New York, Mar 13 (IANS/EFE): New York celebrates flamenco's magical enchantment with an expo of some of the marks it has made on the intense cultural life of the Big Apple over the past 100 years.
"This exhibition is the biggest thing that ever happened to flamenco here - five months of telling people the history of flamenco in New York," Carlota Santana, founder of Flamenco Vivo, told EFE.
Conceived as a multimedia expo open until Aug 3, one of its gems is a rare 1934 recording by Federico Garcia Lorca and Antonia "La Argentina" Merce during a performance in New York.

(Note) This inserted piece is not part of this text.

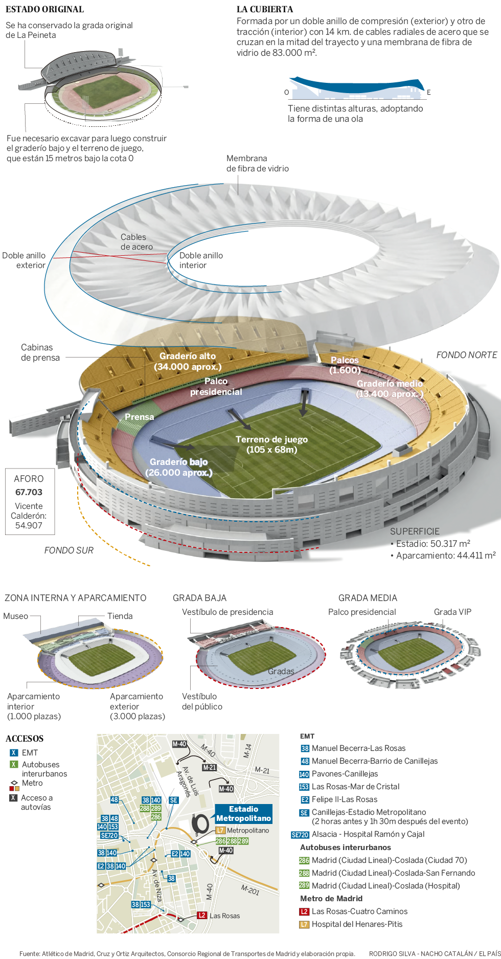 Tras seis años de obras, el equipo rojiblanco inaugura su nuevo recinto deportivo, edificado sobre La Peineta.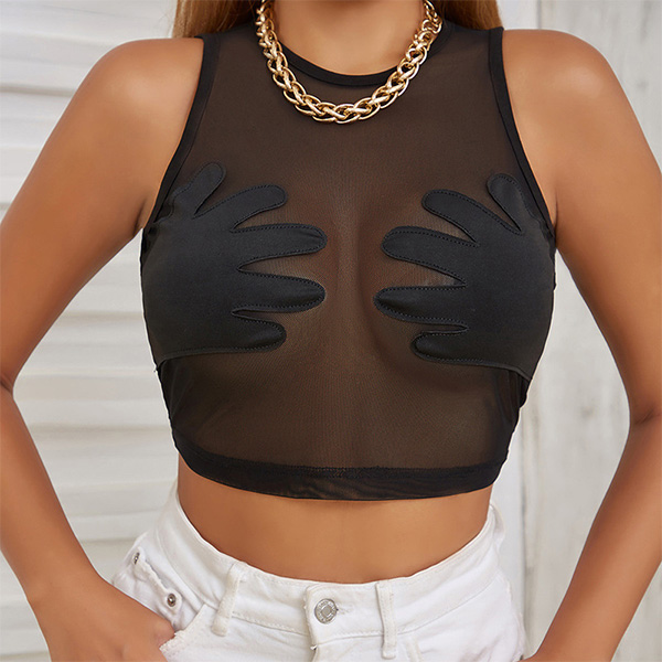 Sexy Semi-through Gauze Hand Pattern Round Neck Sleeveless Crop Top

"The idea of creating the company was to take the flamenco of the "tablaos" (flamenco bars) into the theater. And that's what we've done for 30 years," Santana said, before receiving the Order of the Civil Merit Cross from the Spanish consul in the city, Juan Ramon Martinez Salazar.
For Santana, a New Yorker by birth but an Andalusian at heart, taking the expo to the New York Public Library and the Lincoln Center shows that flamenco "is on the same level" as other revered arts like ballet and modern dance.
"My goal was to take flamenco from a lowly folk art not worth anything right to the top," the flamenco dancer said.
For his part, the Spanish attache for cultural affairs in new York, Inigo Ramirez de Haro, assured that flamenco "is in the best of health" and is one of the Spanish cultural expressions most loved by American audiences.